1

I have a Laravel 5.3 project. I need to import and parse a pretty large (1.6M lines) text file.

I am having memory resource issues. I think at some point, I need to use chunk but am having trouble getting the file loaded to do so.

Here is what I am trying;

    if(Input::hasFile('file')){
        $path = Input::file('file')->getRealPath(); //assign file from input
        $data = file($path); //load the file
        $data->chunk(100, function ($content) { //parse it 100 lines at a time
            foreach ($content as $line) {
                //use $line
            }
        });
    }

I understand that file() will return an array vs. File::get() which will return a string.

I have increased my php.ini upload and memory limits to be able to handle the file size but am running into this error;

Allowed memory size of 524288000 bytes exhausted (tried to allocate 4096 bytes)
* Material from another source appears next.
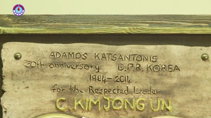 贈り物の上の部分の中心には「団長が訪朝して30年になる年に、敬愛する最高指導者金正恩委員長に贈り物を差し上げる」という内容の文が、右側の下の部分には製作者の名が英語で書かれています。

This is occurring at the line;

$data = file($path);

What am I missing? And/or is this the most ideal way to do this?

Thanks!

RushVan
  • 363
  • 4
  • 20
  • 1
    `file($path)` is going to load the entire file into memory, that's your main issue. Use fgets instead to read the file one line at a time. – Devon Bessemer Jun 12 '18 at 15:24
  • Devon, you were right. If you submit as an answer, I'll give you the credit. – RushVan Jun 12 '18 at 17:33
  • So now that it is running, what's the best practice to stop it from timing out? I can extend the max execution time but is there a more delicate way? – RushVan Jun 12 '18 at 17:34

2 Answers2

1

As mentioned, file() reads the entire file into an array, in this case 1.6 million elements. I doubt that is possible. You can read each line one by one overwriting the previous one:

$fh = fopen($path "r");
if($fh) {
    while(($line = fgets($fh)) !== false) {
        //use $line
    }
}

The only way to keep it from timing out is to set the maximum execution time:

set_time_limit(0);
AbraCadaver
  • 78,200
  • 7
  • 66
  • 87
0

If file is too large, you need split your file without php, you can use exec command safely, if you want use just with php interpreter, you need many memory and it need long time, linux commands save your time for each run.

exec('split -C 20m --numeric-suffixes input_filename output_prefix');

After that you may use Directory Iterator and read each file.

Regards

Kenan Duman
  • 154
  • 1
  • 5